For the magnate and his political guests, expediency will be the name of the game. Just as Mr Murdoch appears to have become exasperated by John Major and the Conservatives, he decided long ago that Australia's conservative Liberal Party, which his newspapers once supported, had run out of steam and that his Antipodean business interests would best be served by the new-look, ideologically pragmatic Labor Party. Most of his papers have supported Labor in three of the four elections that it has won since 1983. With all opinion polls wrongly predicting a Labor defeat at the last election two years ago, they again turned anti-Labor.

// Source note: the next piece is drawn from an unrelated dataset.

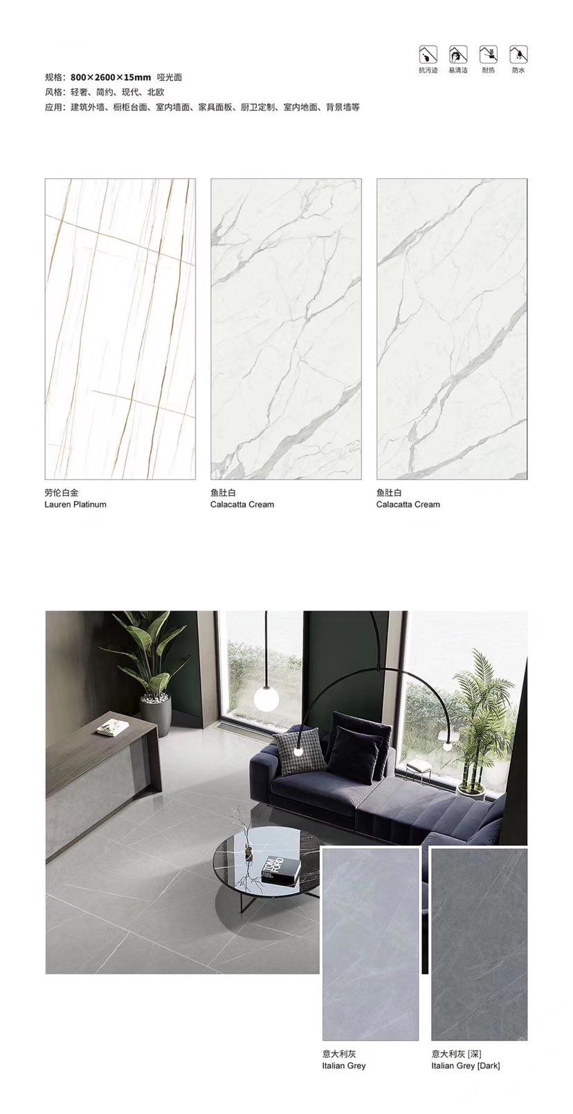 發(fā)布信息: ????SIBELAN 斯貝納巖板???? ????意大利設(shè)計師精選巖板???? 我們可以幫老總您加工為成品, 全國范圍內(nèi)可安排專業(yè)團隊安裝. 做到您一次性采購 省心. 放心. 省時. 低價! 巖板紋路版面全多達199 款 勵志做服務(wù)五星的巖板專業(yè)供應(yīng)商 魚肚白 雪花白 格蘭云天 寒江雪 爵士白 幻影灰 勞倫黑金 火山灰 亞馬遜 艾維拉 羅馬黑檀 貝特巖 細花白 羅馬灰 云朵拉灰 魚肚金 莎羅娜 莎羅蘭 勞倫白金 拉薩白 中花白 灰冰玉 卡拉拉白 撒金黑 清水玉 薩瓦灰 莎士比亞 大花灰 白冰玉 銀灰洞 阿瑪尼灰 綠紋玉 綠冰玉 藍紋玉 保加利亞灰 鐵銹 黑木紋 流砂灰 純白 純灰 純黑 TEL: 15905069590 聶 各種版面規(guī)格全部如下: 1200×600×11mm 啞光 1500×800×11mm 啞光 1800×900×11mm 啞光 1800×900×12mm 啞光 2600×800×15mm 啞光 2400×1200×6mm 啞光/亮光 2400×1200×9mm 啞光/亮光 2400×1200×15mm 啞光 2700×1200×6mm 啞光/亮光 2700×1600×12mm 啞光/亮光 3200×1600×6mm 啞光/亮光 3200×1600×12mm 啞光/亮光

Mr Keating will tell Mr Blair why Mr Murdoch appears to have become the Labor government's favoured media tycoon, or, to those MPs who still feel distinctly uncomfortable about the relationship, the least evil one. Mr Keating and Mr Murdoch have met several times, but their seminal discussion was at Mr Murdoch's Canberra residence last October. Out of that came a decision by Twentieth Century Fox, an arm of News Corporation, to establish a film production studio in the heart of Sydney. Mr Keating made this decision a centrepiece of his statement a few days later on his government's cultural policy.

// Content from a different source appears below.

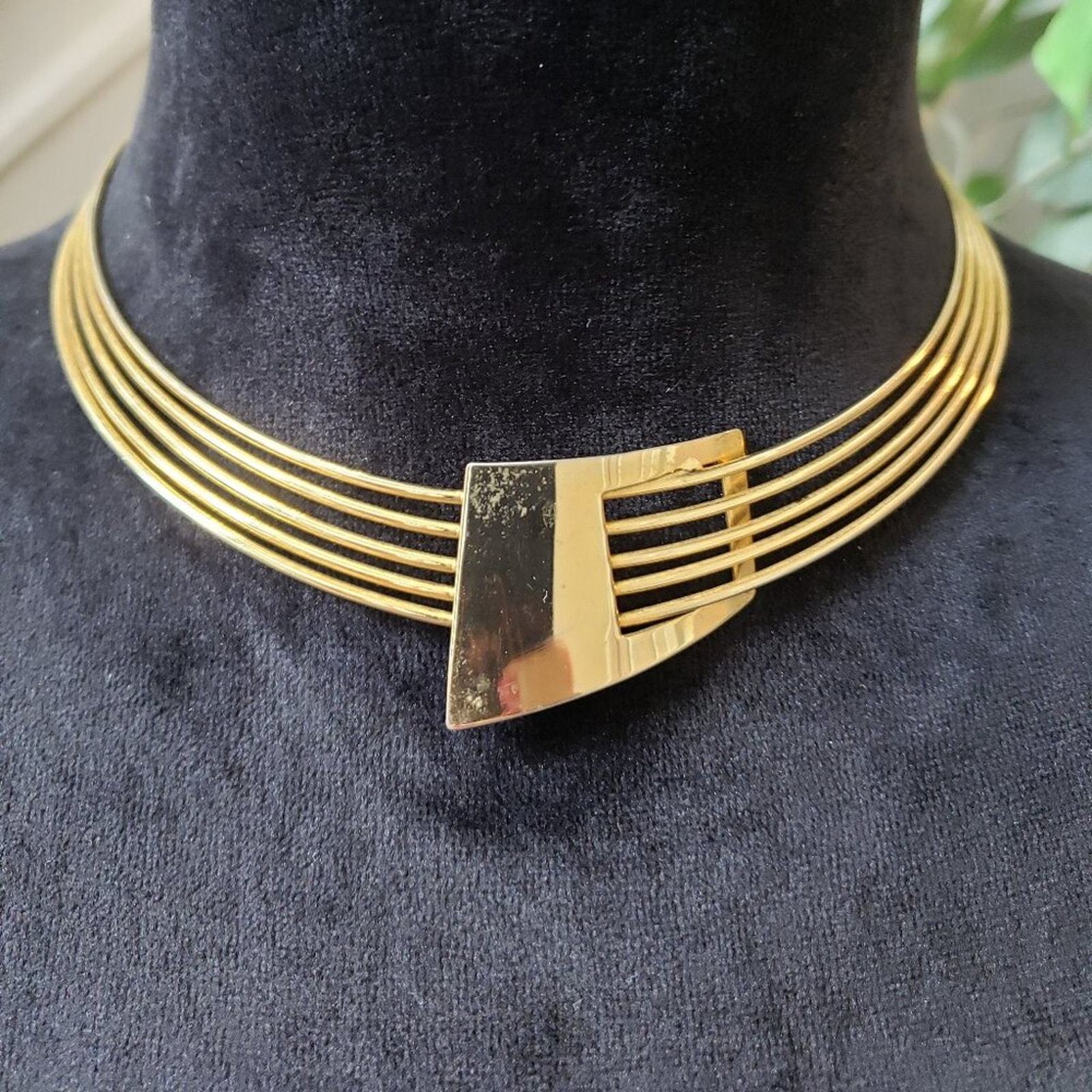 Womens Fashion Gold Tone Statement Tribal Choker Collar Necklace Jewelry.

The film studio has been followed by other massive Murdoch investments in Australia, such as buying up the country's rugby league game to form a superleague and forming an alliance with Telstra, the state-owned telecommunications company, to build a pay-television network. Canberra has looked benignly on all these investments. Last March, Mr Murdoch said on Australian television: "You have got to say about Paul Keating that he is one of the very few strong leaders in the world today ... he is quite a remarkable figure."
For his part, Mr Keating admires the bold risk-taker in Mr Murdoch and the global vision which he believes other Australian business figures lack. Mr Keating also knows the value of having the support of a tycoon who controls almost 70 per cent of Australia's metropolitan newspapers, one of the world's highest concentrations of press ownership. Kerry Packer, Mr Murdoch's biggest media industry rival in Australia, is firmly out of Canberra's favour. The Murdoch-Labor relationship was not always so warm. The party's left has never forgiven the Murdoch press for what it believes was its destruction of the Labor administration of Gough Whitlam in 1975.
Twenty years later, Mr Murdoch has proved the durability of his mercurial approach towards those who hold the reins of power. As Mr Blair offers his opinions on Monday, however, he would be wise to remember that it is he who is on trial, not the Murdoch empire.